TASK TO COMPLETE:
Repeat exactly the lines running from the first line of the data to the line containing "木目調のコワーキングスペースも居心地良く利用していただけます。", both ends included, and nothing else; drop the pictures.

COLLECTED MATERIAL:
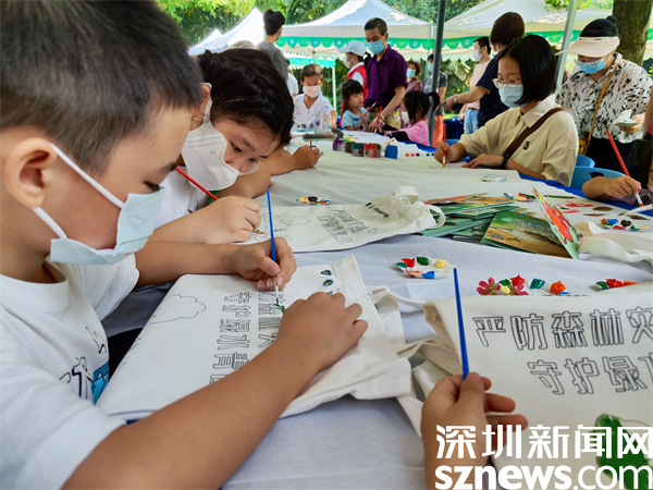 現(xiàn)場互動展區(qū)設(shè)有森林百米畫卷、環(huán)保袋 DIY,通過寓教于樂的方式,培養(yǎng)市民“人與自然”和諧發(fā)展的深層理念。小朋友們可以充分發(fā)揮天馬行空的想象力,在畫布和環(huán)保袋上涂鴉手繪,制作自己的“專屬定制”,完成互動還可以獲得精美的紀念品一份。
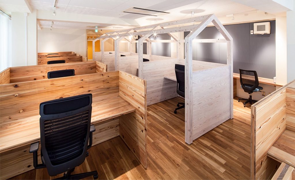 木目調のコワーキングスペースも居心地良く利用していただけます。
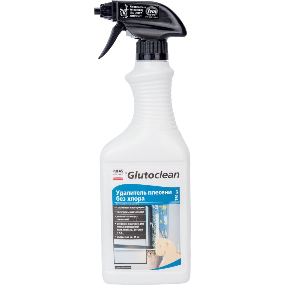 Удалитель плесени без хлора Pufas 0.75л тов-099459 обеспечивает эффективное устранение плесени и грибка. Благодаря бесхлорному составу и отсутствию запаха средство безопасно для применения в жилых помещениях. Для удобства использования поставляется в бутылке с распылителем. С активным кислородом С нейтральным запахом Для впитывающих оснований таких как обои, штукатурка и каменная кладка Особенно пригоден для жилых помещений: зала, спальни, детской и т.д.

ANSWER SECTION:
 現(xiàn)場互動展區(qū)設(shè)有森林百米畫卷、環(huán)保袋 DIY,通過寓教于樂的方式,培養(yǎng)市民“人與自然”和諧發(fā)展的深層理念。小朋友們可以充分發(fā)揮天馬行空的想象力,在畫布和環(huán)保袋上涂鴉手繪,制作自己的“專屬定制”,完成互動還可以獲得精美的紀念品一份。
 木目調のコワーキングスペースも居心地良く利用していただけます。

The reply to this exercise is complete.